Many of the members of the review board believe that there is a problem of proportionality, seeing as the commercial facilities will occupy about 250,000 square meters, roughly double the area for the dome. The plan for dealing with the impact on traffic has also been criticized as lacking in detail and precision. Thus the board resolved that Farglory should redraw its plans and resubmit them for review.
In February and July of this year, Farglory submitted paperwork for a second environmental impact assessment and third planning review, but these did not allay the board members' doubts about the scale of the project, the traffic issues, or their concerns about the proportionate size of the commercial facilities in relation to the dome. Hence, the board asked Farglory to submit more documentation, after which it would review the matter again.
Modified plan?
Recalling the course of events that have caused repeated changes of plan, Hsia Chu-joe, a professor at National Taiwan University's Graduate Institute of Building and Planning, who once served on Taipei's design review board, wrote in an essay published in 2006 that getting the Taipei Dome to coexist with the Songshan Tobacco Factory is already, from a professional and technical standpoint, no easy feat. But the key problem is that "successive mayors of Taipei have had a great desire to build the dome, and the company that was awarded the contract was very cognizant of that. As a consequence, the city government systematically lost scope to negotiate, and that made it very difficult to get an outstanding design and plan."
Huang Jui-mao, an associate professor of architecture at Tamkang Univeristy and director of the Organization of Urban Re-s (OURs), says that the selection of the site for the Taipei Dome was affected by the desire to use land that was already state-owned to speed up a project that could impress voters.
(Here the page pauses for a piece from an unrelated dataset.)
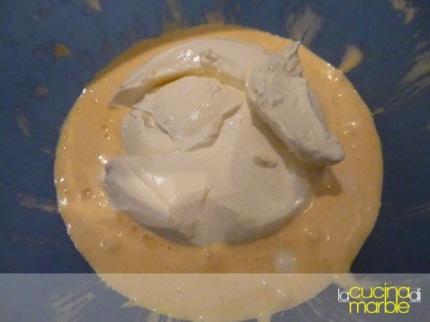 andiamo ad aggiungere poco a poco e delicatamente, con i soliti movimenti dal basso in alto, le chiare precedentemente montate a neve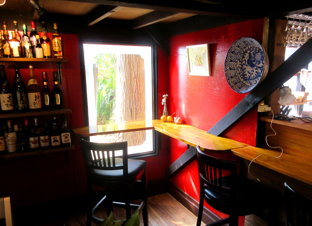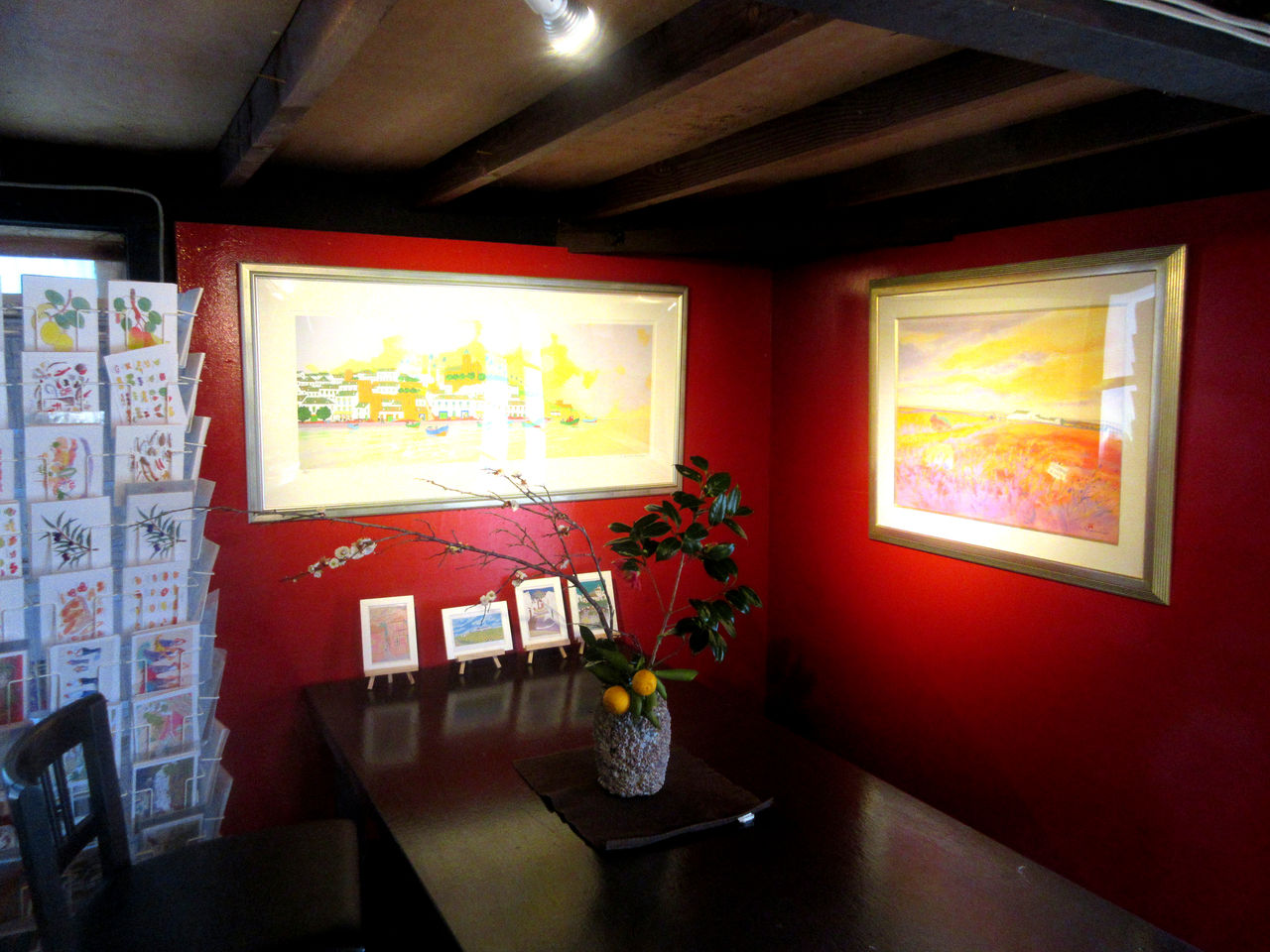 Click:スタジオの居酒屋風、壁を赤く塗ったことで心配していたことは、絵が素直に見ることができるかでした。結果は写真を見ての通り、大丈夫どころか、かえって映えてみえるのでした。それに花まで生けて遊んでみました。なんとなく居酒屋風のイメージが確立してきて嬉しい限り、あとはスペインの民芸風椅子が出来上がるのを待つばかりなのです。

Ironically, he says, "if the city had originally decided to build it on the Guandu Plain-although it would have had to invest more in basic transportation infrastructure, and spend more time acquiring and preparing the land-that would have avoided impacts on the environment, views and city traffic, and the Taipei Dome would have been finished long ago!"
New challenges
Today, because conditions have changed yet again, old arguments about whether the dome is really needed have resurfaced. The most basic doubt is this one: Currently professional baseball and important amateur games have an average attendance of under 10,000 people. That kind of turnout can't support a major domed stadium. And other athletic events, concerts and exhibitions already have large-scale facilities they can use. Does Taipei really need a large domed stadium just for baseball games?
The Taipei City Department of Education has organized a "Construction Planning Office for the Taipei Dome Complex" which is overseeing FarGlory in revising the environmental-impact and urban-design reports. However, this office has refused media requests for interviews on the grounds that "the details of the design haven't been worked out." Its determination to keep a low profile seems to suggest that the city government is under a lot of pressure with regard to this issue.
In any modern society, puralized public opinion means that urban renewal projects will always be subject to much debate and revision. Let us hope that rational debate and citizen participation will help to perfect the overall plans for the reuse of the Songshan Tobacco Factory site.